__What the task requires__: Your copy of the data should leave out the images and match everything else exactly.

(Exercise data Opens)

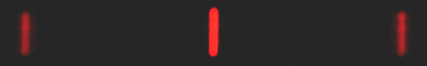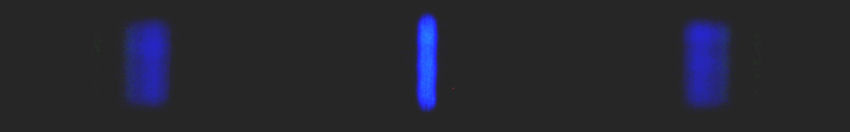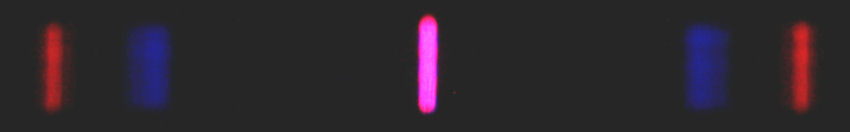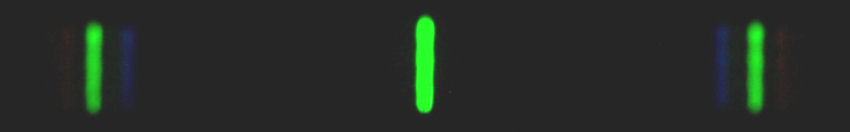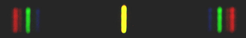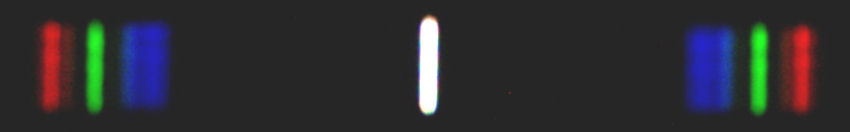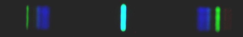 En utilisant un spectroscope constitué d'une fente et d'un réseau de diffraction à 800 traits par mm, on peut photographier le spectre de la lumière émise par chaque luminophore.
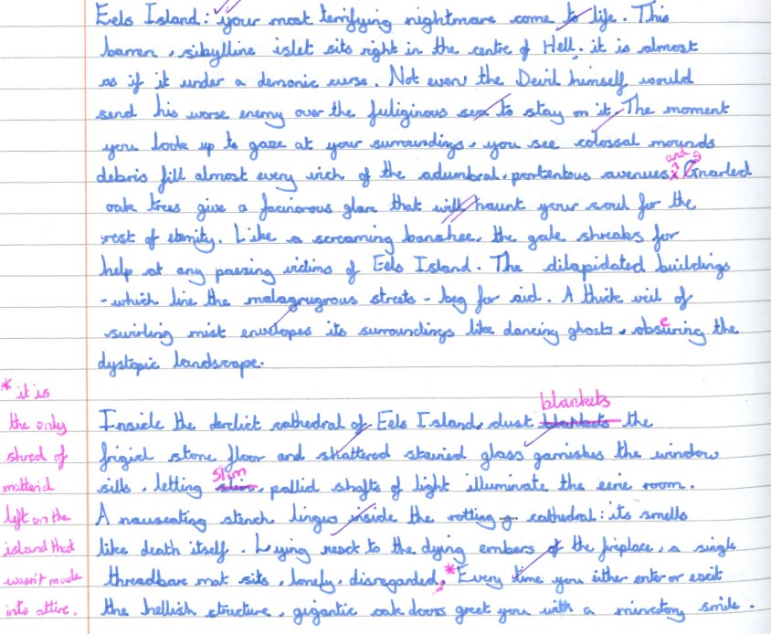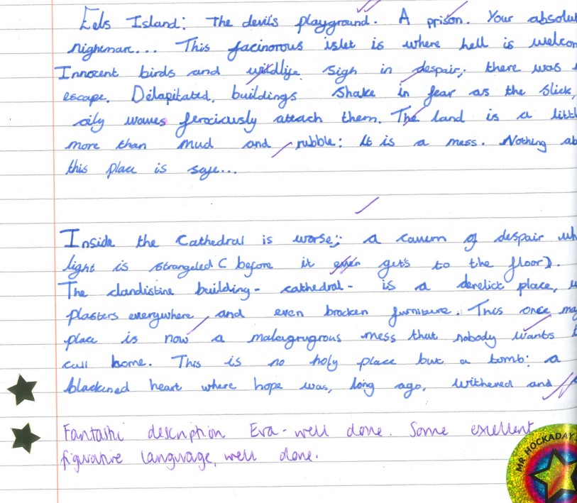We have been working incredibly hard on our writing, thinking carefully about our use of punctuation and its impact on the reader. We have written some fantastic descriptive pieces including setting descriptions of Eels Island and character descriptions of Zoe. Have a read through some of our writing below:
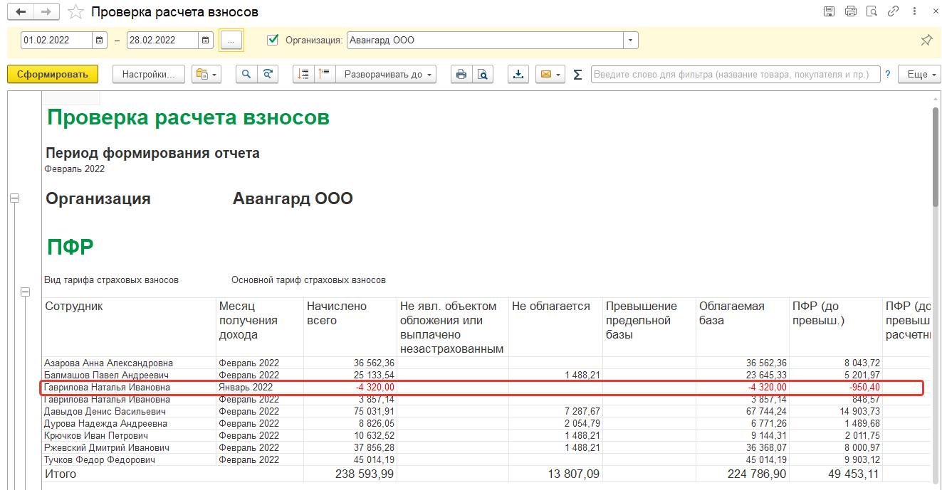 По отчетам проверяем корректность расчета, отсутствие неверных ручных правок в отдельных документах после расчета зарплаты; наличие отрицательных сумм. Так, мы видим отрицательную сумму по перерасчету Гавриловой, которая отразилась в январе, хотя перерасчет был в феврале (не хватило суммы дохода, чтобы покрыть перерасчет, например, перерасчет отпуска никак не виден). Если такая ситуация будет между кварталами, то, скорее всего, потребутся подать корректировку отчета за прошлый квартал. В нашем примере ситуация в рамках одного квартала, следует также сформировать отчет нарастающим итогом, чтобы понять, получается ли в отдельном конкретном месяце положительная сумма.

(Exercise data Closes)

__Written reply__:
 En utilisant un spectroscope constitué d'une fente et d'un réseau de diffraction à 800 traits par mm, on peut photographier le spectre de la lumière émise par chaque luminophore.
We have been working incredibly hard on our writing, thinking carefully about our use of punctuation and its impact on the reader. We have written some fantastic descriptive pieces including setting descriptions of Eels Island and character descriptions of Zoe. Have a read through some of our writing below:
 По отчетам проверяем корректность расчета, отсутствие неверных ручных правок в отдельных документах после расчета зарплаты; наличие отрицательных сумм. Так, мы видим отрицательную сумму по перерасчету Гавриловой, которая отразилась в январе, хотя перерасчет был в феврале (не хватило суммы дохода, чтобы покрыть перерасчет, например, перерасчет отпуска никак не виден). Если такая ситуация будет между кварталами, то, скорее всего, потребутся подать корректировку отчета за прошлый квартал. В нашем примере ситуация в рамках одного квартала, следует также сформировать отчет нарастающим итогом, чтобы понять, получается ли в отдельном конкретном месяце положительная сумма.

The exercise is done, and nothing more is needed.